Task statement. The material below holds a span beginning at the line with "Obraz Vánoční sáně" and ending at the line with "Only Admins can". Quote that span exactly, both ends included, and only that span.

Material to process.
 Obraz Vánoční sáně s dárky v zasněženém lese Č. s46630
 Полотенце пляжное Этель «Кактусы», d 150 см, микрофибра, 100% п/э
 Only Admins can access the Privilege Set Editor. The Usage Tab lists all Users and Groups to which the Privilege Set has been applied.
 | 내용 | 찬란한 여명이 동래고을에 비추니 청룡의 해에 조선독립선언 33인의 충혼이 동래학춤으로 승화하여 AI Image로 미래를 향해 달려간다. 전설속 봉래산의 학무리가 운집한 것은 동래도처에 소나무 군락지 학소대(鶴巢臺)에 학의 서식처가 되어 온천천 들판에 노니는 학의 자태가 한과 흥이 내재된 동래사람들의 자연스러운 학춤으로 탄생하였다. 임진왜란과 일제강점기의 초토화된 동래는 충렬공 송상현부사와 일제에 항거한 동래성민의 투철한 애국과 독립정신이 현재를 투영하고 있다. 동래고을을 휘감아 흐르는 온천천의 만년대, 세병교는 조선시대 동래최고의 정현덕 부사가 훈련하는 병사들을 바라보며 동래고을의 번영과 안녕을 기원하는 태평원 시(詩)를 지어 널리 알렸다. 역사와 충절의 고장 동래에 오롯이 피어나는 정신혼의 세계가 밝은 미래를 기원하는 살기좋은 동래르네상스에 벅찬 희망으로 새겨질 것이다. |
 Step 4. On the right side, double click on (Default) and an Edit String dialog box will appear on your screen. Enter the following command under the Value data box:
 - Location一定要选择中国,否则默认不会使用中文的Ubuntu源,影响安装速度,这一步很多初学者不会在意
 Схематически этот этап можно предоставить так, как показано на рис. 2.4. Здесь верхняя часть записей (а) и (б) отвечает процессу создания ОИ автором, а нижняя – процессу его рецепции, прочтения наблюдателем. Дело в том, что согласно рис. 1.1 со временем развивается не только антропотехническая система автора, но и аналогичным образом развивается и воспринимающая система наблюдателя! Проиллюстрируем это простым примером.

==

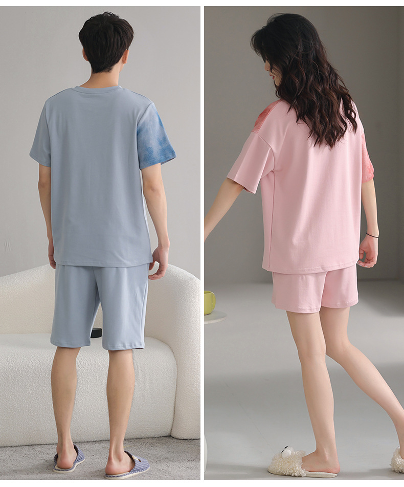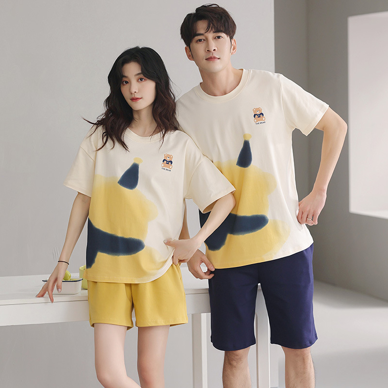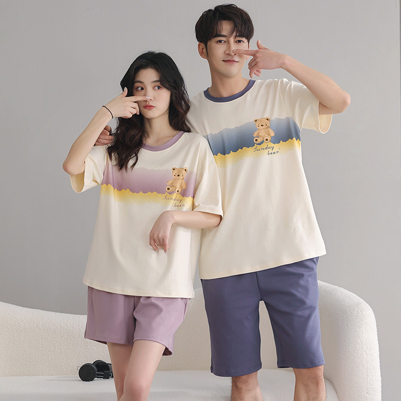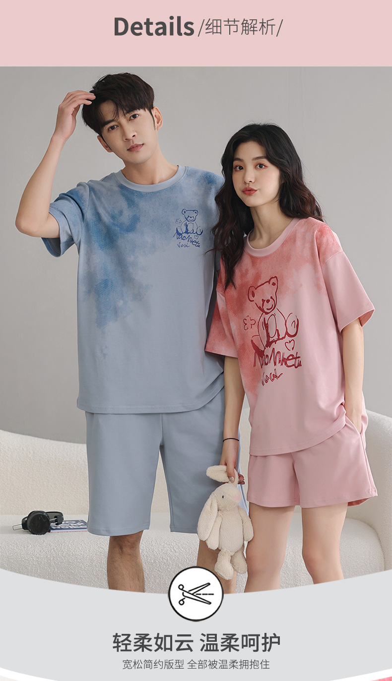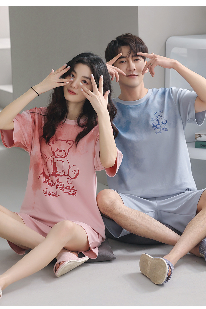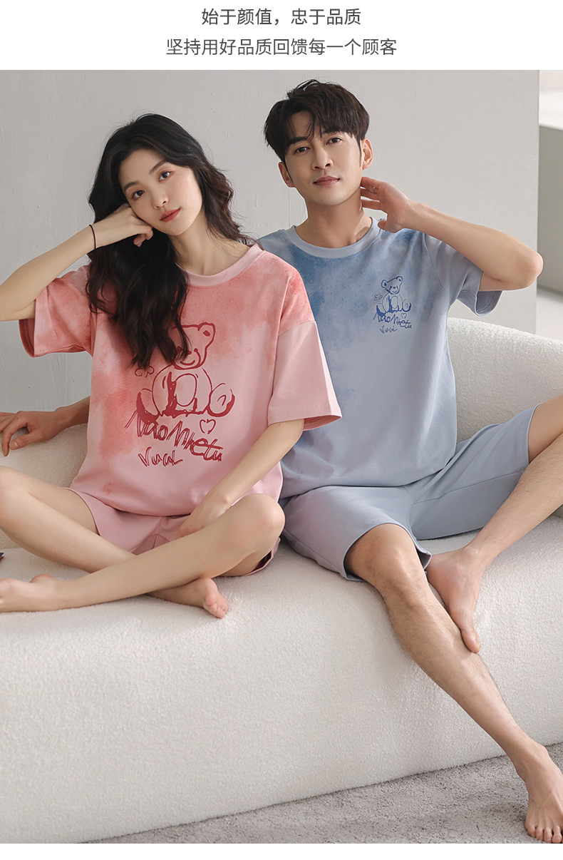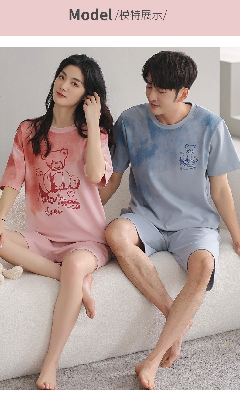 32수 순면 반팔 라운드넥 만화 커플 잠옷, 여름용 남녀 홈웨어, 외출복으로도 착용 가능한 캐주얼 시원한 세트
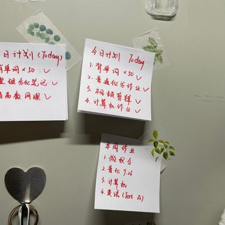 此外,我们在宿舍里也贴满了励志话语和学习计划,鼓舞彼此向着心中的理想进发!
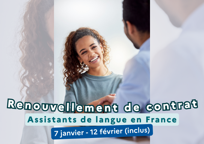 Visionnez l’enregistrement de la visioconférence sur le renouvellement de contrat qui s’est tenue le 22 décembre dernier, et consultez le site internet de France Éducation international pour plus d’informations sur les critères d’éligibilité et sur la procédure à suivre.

Solution below.
 Obraz Vánoční sáně s dárky v zasněženém lese Č. s46630
 Полотенце пляжное Этель «Кактусы», d 150 см, микрофибра, 100% п/э
 Only Admins can access the Privilege Set Editor. The Usage Tab lists all Users and Groups to which the Privilege Set has been applied.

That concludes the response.